Start of Material provided

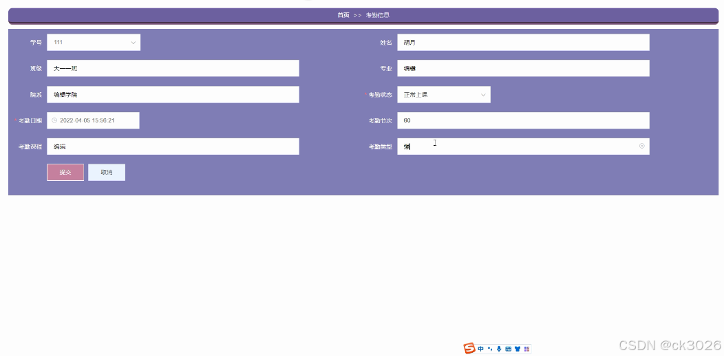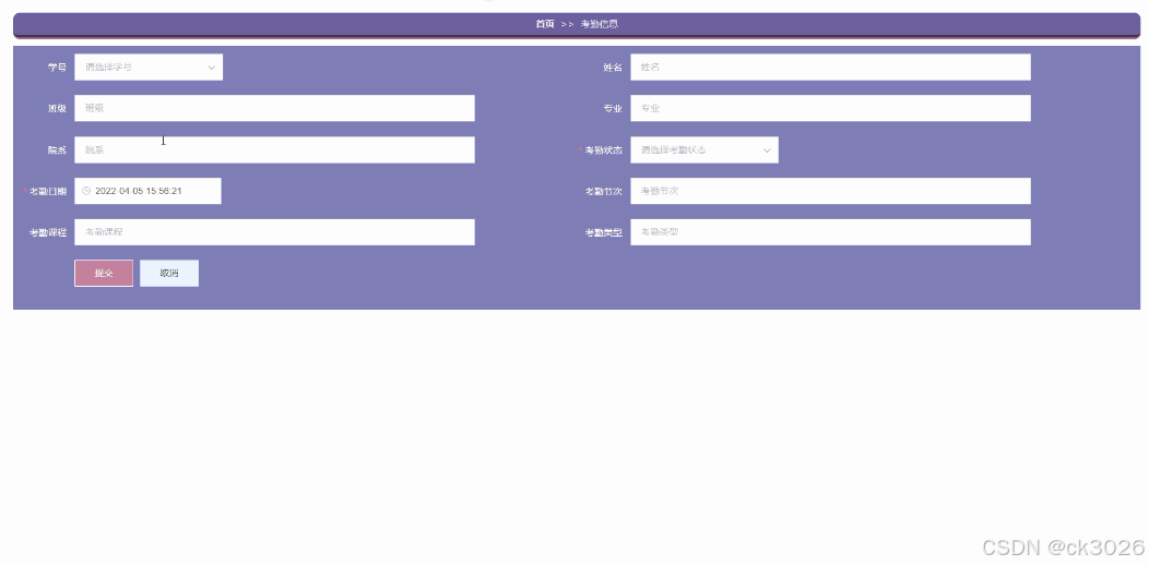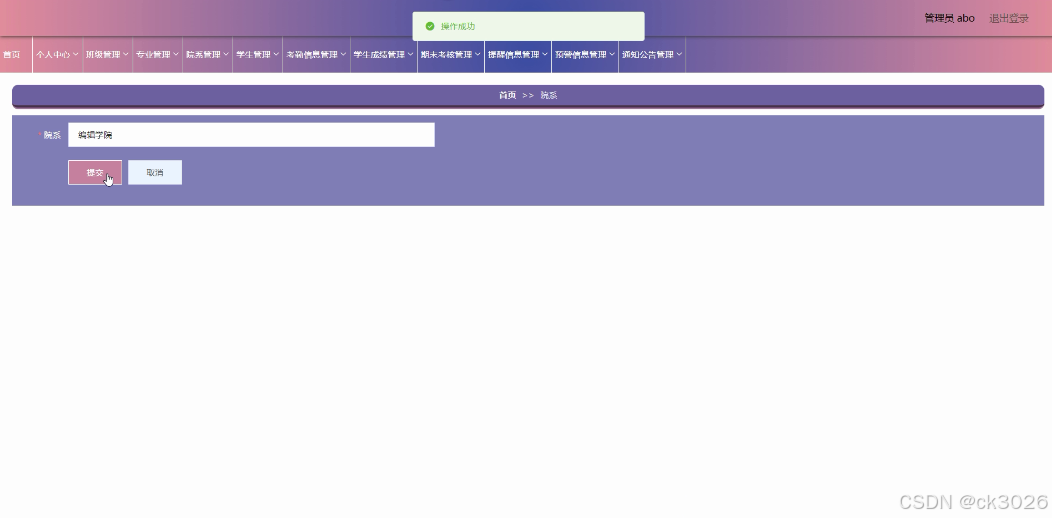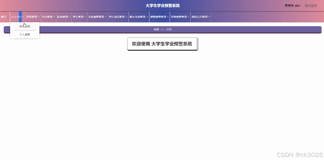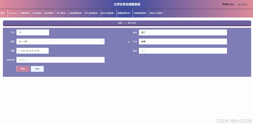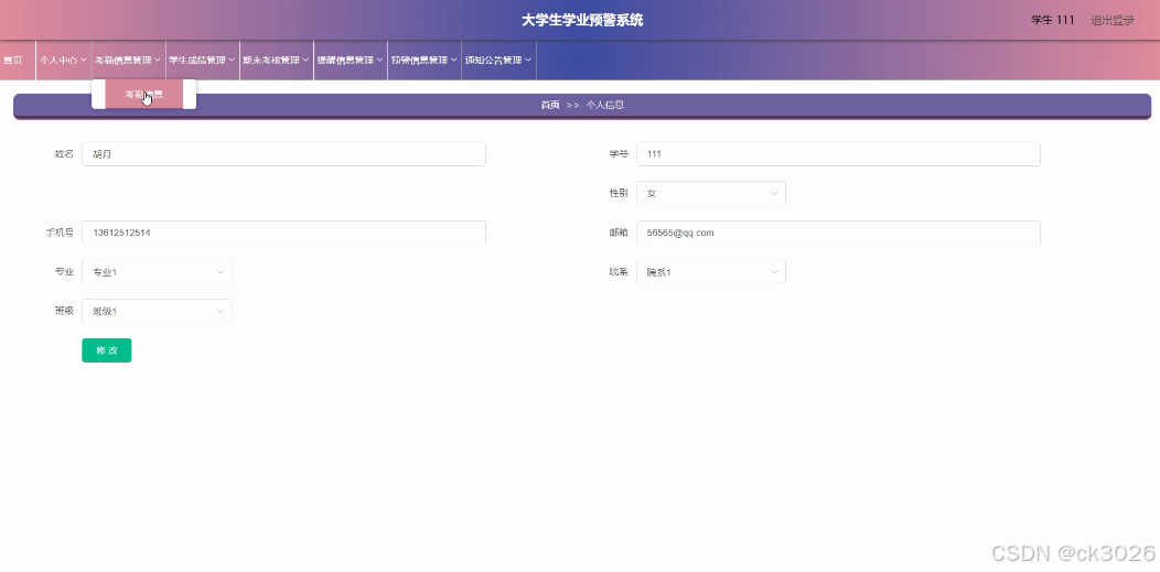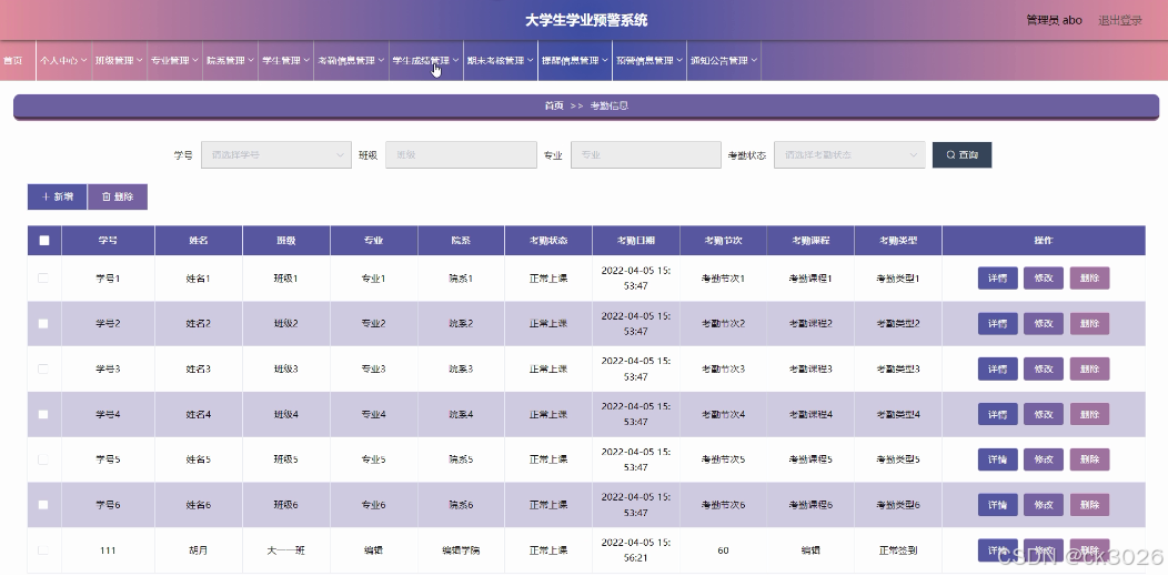 考勤信息,学生,学生成绩,班级,专业,院系,期末考核,提醒信息,预警信息,通知公告 |
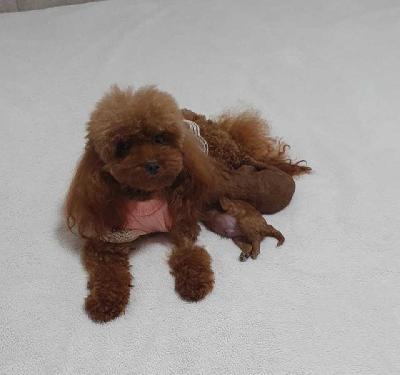 Majka toy crvena pudla, takođe veoma sitne gradje, visine u grebenu 25cm.
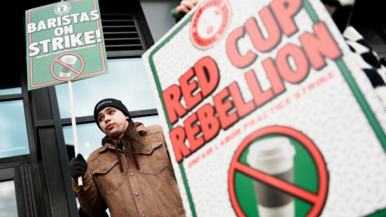 “If Starbucks continues to obstruct a fair contract and refuse to end union fighting, they will see their business grind to a halt,” Starbucks Workers United spokeswoman Michelle Eisen, a former barista who spent 15 years with the company, said in a statement. “No contract, no coffee, it’s more than a slogan: it’s a commitment to interrupt Starbucks’ operations and profits until a fair union contract and an end to unfair labor practices are achieved. Starbucks knows where we stand.”
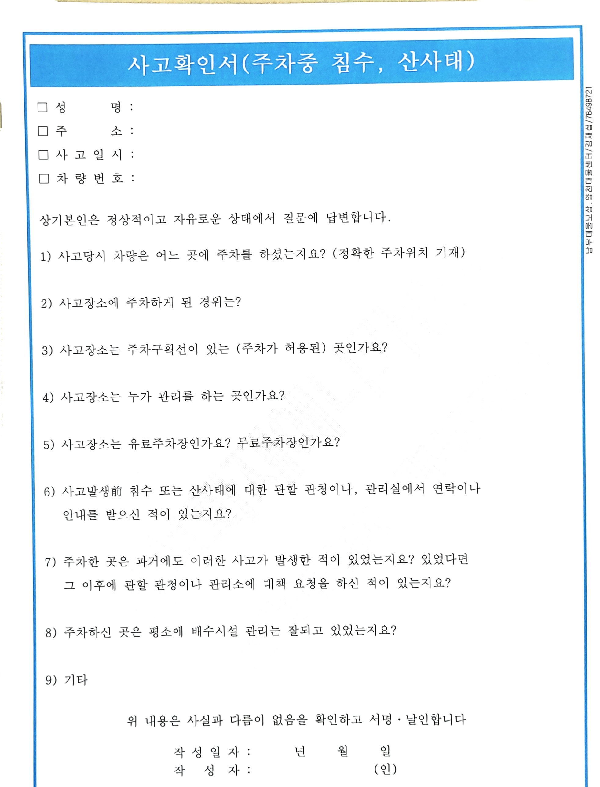 위에는 직접 제가 작성한 침수차 보험처리 접수입니다.

End of Material provided

— Work task —
The answer is the lines above, word for word, from the first one through the one containing "Majka toy crvena"; it includes no pictures.

— Problem solution —
 考勤信息,学生,学生成绩,班级,专业,院系,期末考核,提醒信息,预警信息,通知公告 |
 Majka toy crvena pudla, takođe veoma sitne gradje, visine u grebenu 25cm.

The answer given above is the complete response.